= Beginning of Section =
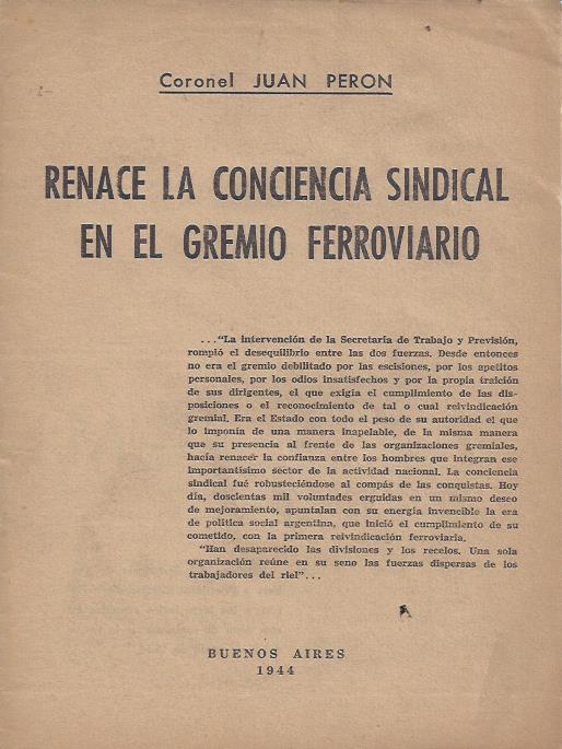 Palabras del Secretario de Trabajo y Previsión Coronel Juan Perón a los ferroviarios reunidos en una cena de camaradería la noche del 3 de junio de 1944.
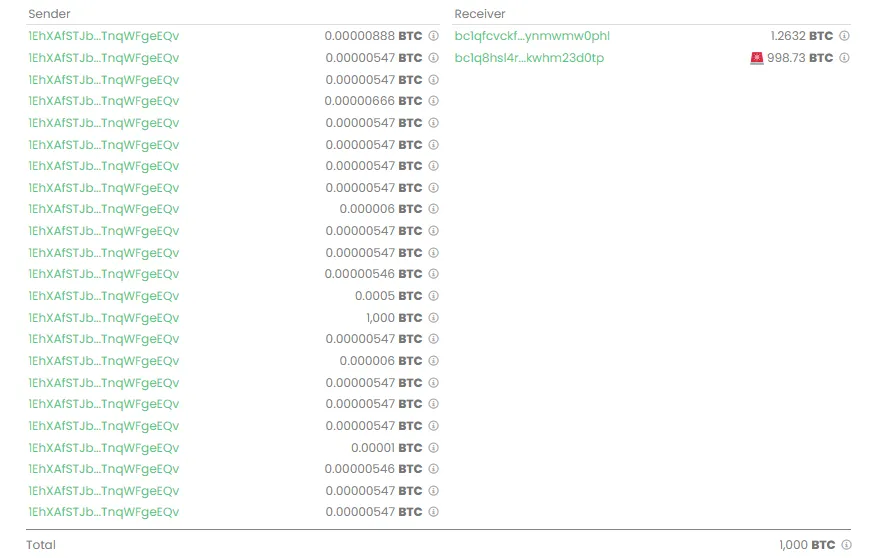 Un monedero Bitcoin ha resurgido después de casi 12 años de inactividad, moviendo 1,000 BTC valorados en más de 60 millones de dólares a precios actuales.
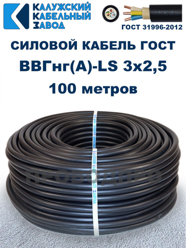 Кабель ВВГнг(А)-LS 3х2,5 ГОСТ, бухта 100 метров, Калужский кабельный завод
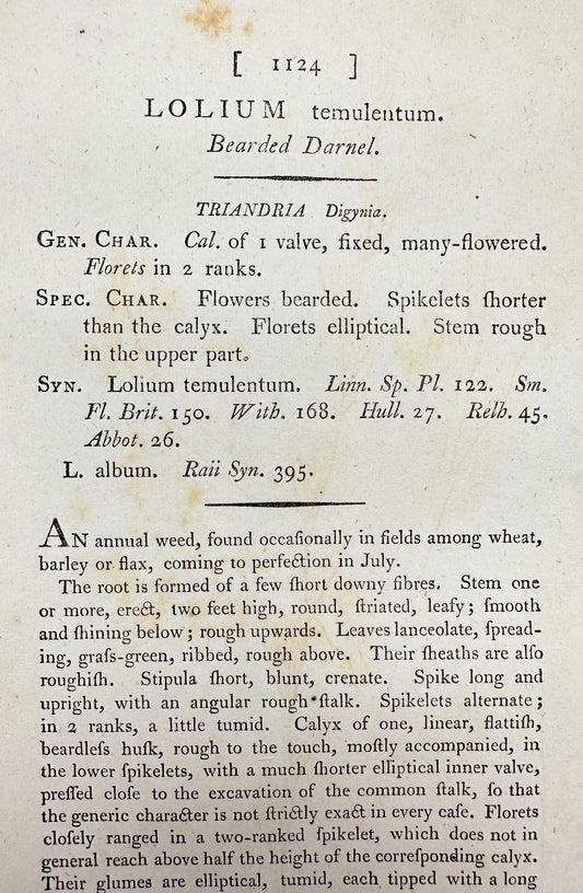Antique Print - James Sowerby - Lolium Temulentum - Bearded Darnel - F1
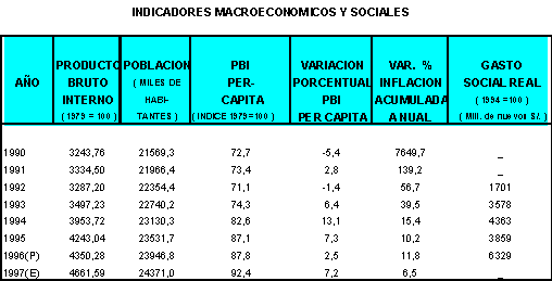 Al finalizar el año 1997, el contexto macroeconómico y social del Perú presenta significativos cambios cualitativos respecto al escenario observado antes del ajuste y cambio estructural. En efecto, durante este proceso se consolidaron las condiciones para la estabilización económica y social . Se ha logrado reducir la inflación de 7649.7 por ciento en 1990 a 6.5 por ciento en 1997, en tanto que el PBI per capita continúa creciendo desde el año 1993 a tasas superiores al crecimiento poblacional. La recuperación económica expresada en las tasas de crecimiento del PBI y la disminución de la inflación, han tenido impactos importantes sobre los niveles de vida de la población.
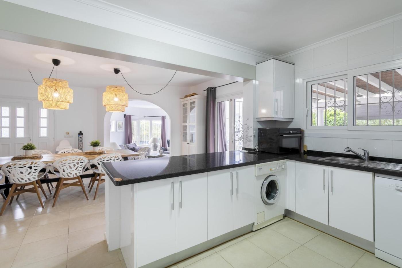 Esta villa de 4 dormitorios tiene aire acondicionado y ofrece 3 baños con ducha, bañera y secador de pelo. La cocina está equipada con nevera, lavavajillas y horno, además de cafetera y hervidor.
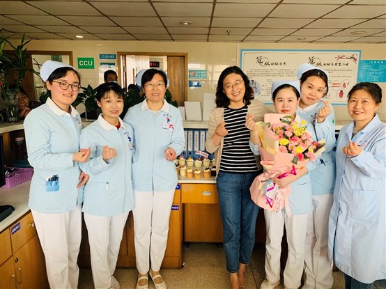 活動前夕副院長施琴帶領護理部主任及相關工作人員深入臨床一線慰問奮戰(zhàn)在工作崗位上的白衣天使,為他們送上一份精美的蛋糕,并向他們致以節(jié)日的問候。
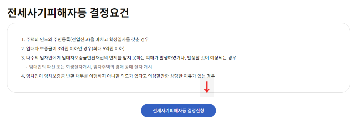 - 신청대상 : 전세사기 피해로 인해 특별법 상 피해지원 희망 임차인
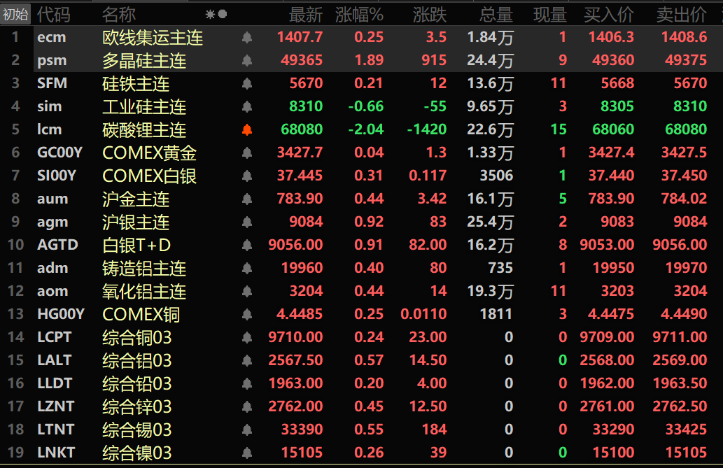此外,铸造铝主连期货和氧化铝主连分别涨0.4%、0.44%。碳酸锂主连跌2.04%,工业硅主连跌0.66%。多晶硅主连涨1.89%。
= End of Section =
= Beginning of Section =
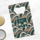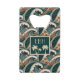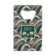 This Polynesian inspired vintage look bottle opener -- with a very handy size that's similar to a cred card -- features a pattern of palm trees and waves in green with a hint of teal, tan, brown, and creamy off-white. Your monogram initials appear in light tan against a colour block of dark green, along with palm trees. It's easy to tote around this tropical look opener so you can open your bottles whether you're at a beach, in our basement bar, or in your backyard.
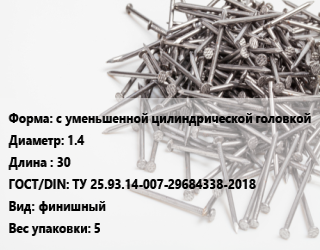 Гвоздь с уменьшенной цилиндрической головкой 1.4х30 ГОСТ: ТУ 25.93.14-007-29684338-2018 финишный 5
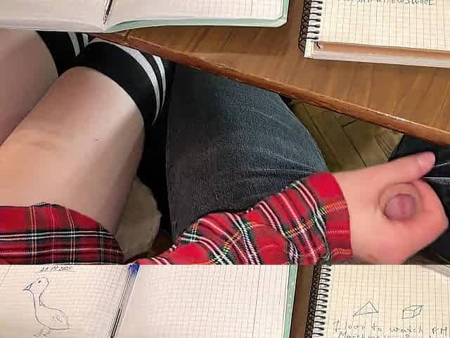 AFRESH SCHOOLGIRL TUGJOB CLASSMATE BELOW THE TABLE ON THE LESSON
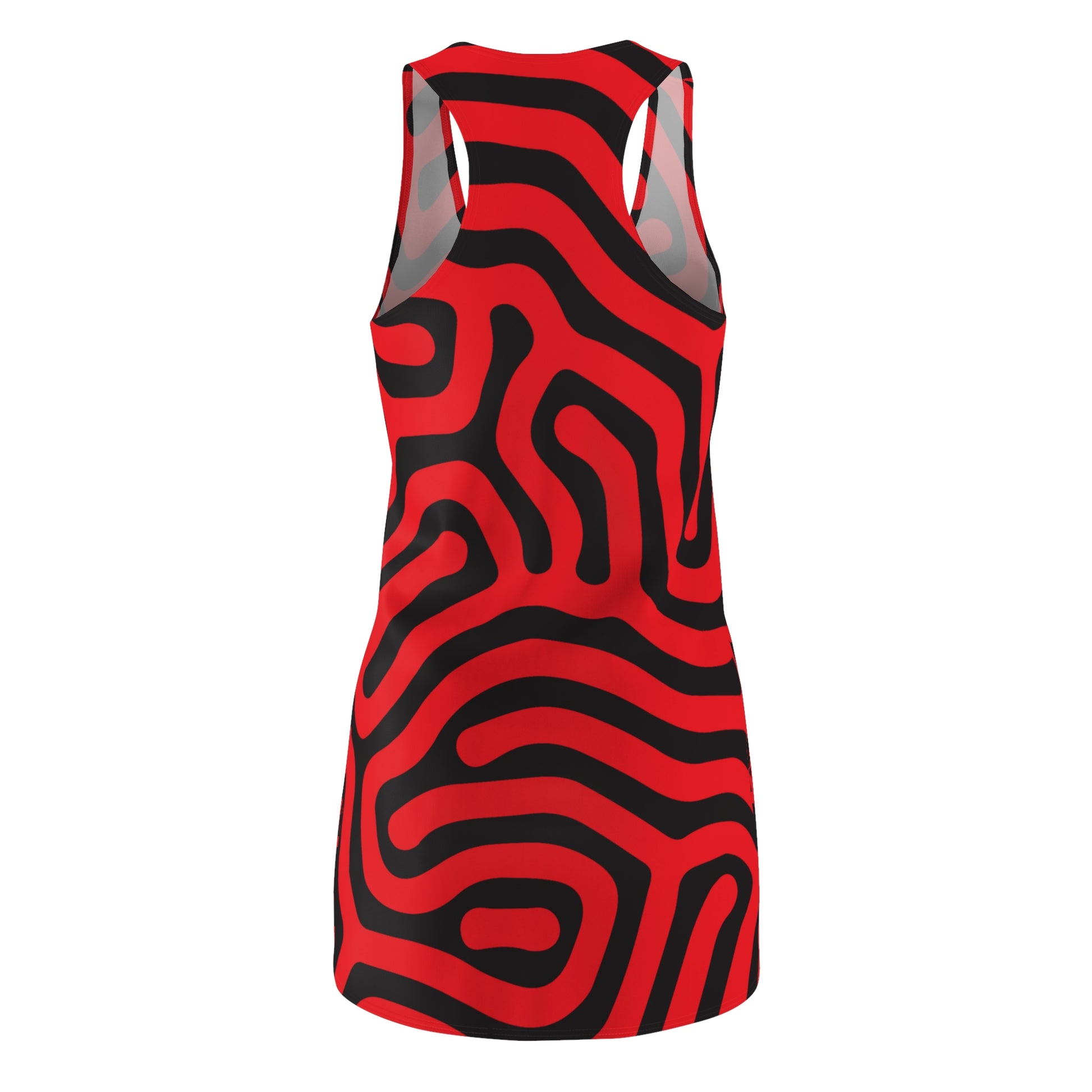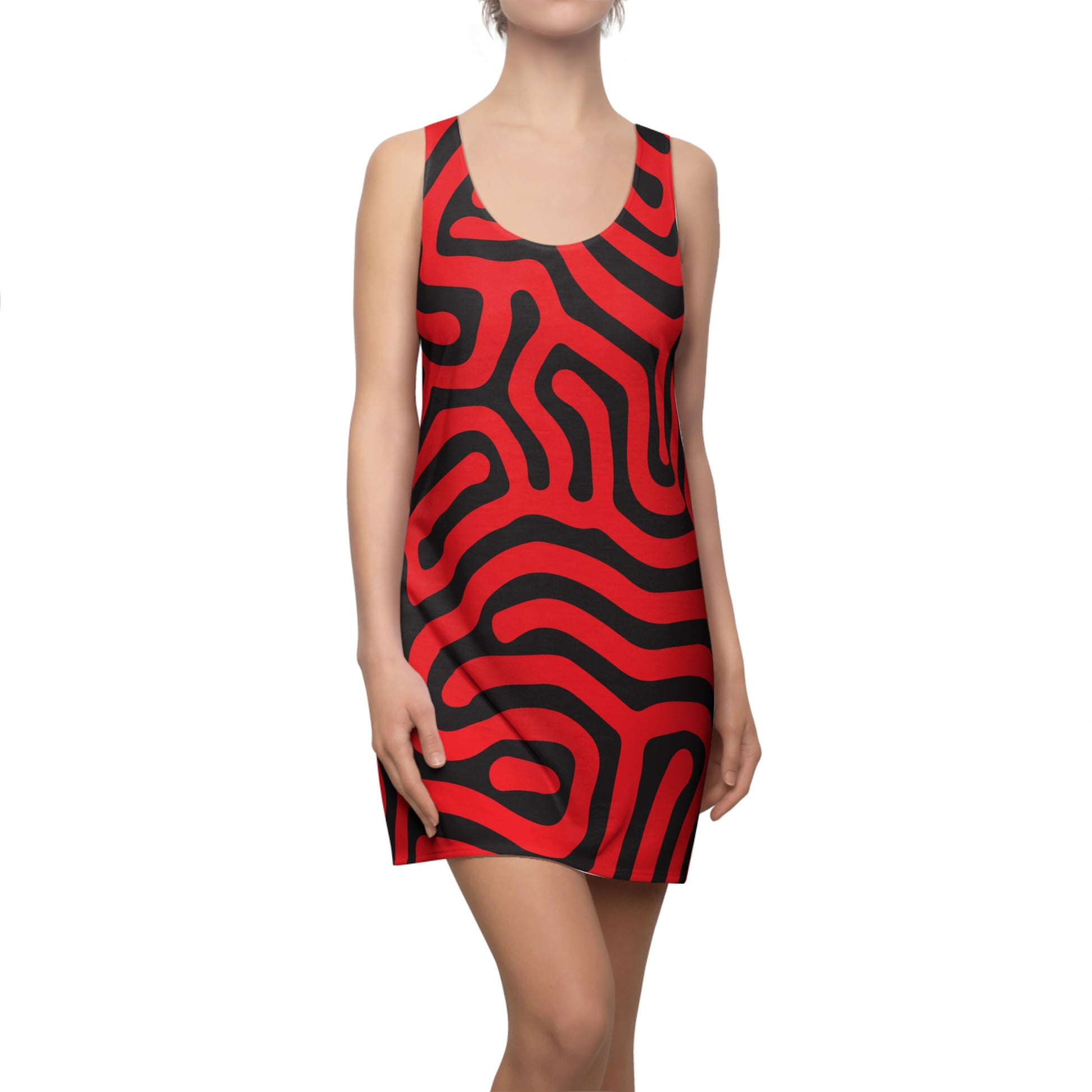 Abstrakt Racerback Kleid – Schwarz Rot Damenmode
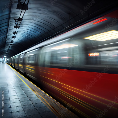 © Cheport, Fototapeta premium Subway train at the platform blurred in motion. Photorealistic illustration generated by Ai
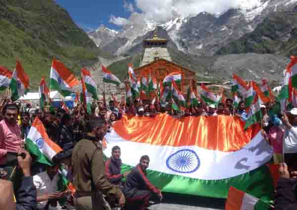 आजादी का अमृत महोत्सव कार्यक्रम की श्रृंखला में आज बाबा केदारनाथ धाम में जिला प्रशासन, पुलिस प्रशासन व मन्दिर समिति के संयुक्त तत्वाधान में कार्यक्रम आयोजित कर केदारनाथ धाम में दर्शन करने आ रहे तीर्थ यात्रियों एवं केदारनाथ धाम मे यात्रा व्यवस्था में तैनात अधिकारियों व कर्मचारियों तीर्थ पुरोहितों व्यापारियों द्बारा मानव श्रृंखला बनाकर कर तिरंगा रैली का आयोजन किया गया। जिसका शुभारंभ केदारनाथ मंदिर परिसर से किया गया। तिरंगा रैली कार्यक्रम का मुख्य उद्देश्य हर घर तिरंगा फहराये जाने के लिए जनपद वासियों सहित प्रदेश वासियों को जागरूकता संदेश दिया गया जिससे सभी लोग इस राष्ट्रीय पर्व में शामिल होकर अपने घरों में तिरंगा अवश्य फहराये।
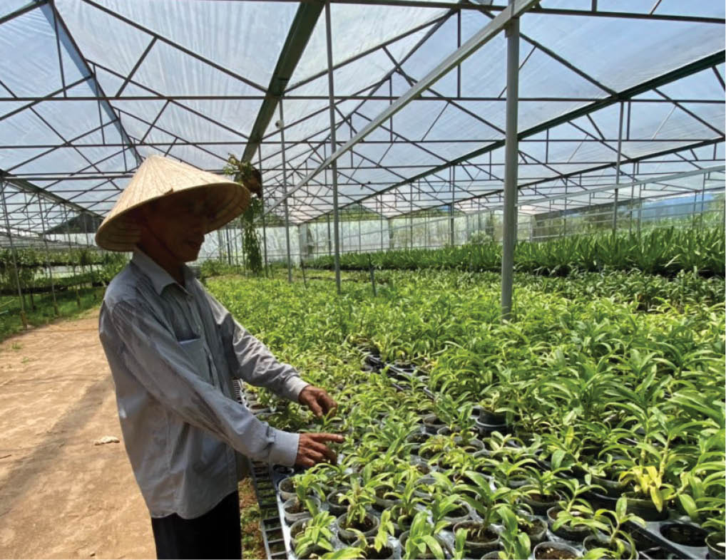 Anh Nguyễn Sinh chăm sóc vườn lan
= End of Section =
= Beginning of Section =
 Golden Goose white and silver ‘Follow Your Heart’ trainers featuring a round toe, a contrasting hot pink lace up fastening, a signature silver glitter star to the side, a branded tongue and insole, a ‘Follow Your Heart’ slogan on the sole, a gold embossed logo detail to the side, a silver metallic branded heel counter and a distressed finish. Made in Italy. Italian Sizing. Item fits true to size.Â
= End of Section =
- _Task instructions_: To complete this exercise, transcribe exactly the lines above from the one that holds "Abstrakt Racerback Kleid" through the one that holds "generated by Ai". Pictures stay out.

- _Output of the task_:
 Abstrakt Racerback Kleid – Schwarz Rot Damenmode
 © Cheport, Fototapeta premium Subway train at the platform blurred in motion. Photorealistic illustration generated by Ai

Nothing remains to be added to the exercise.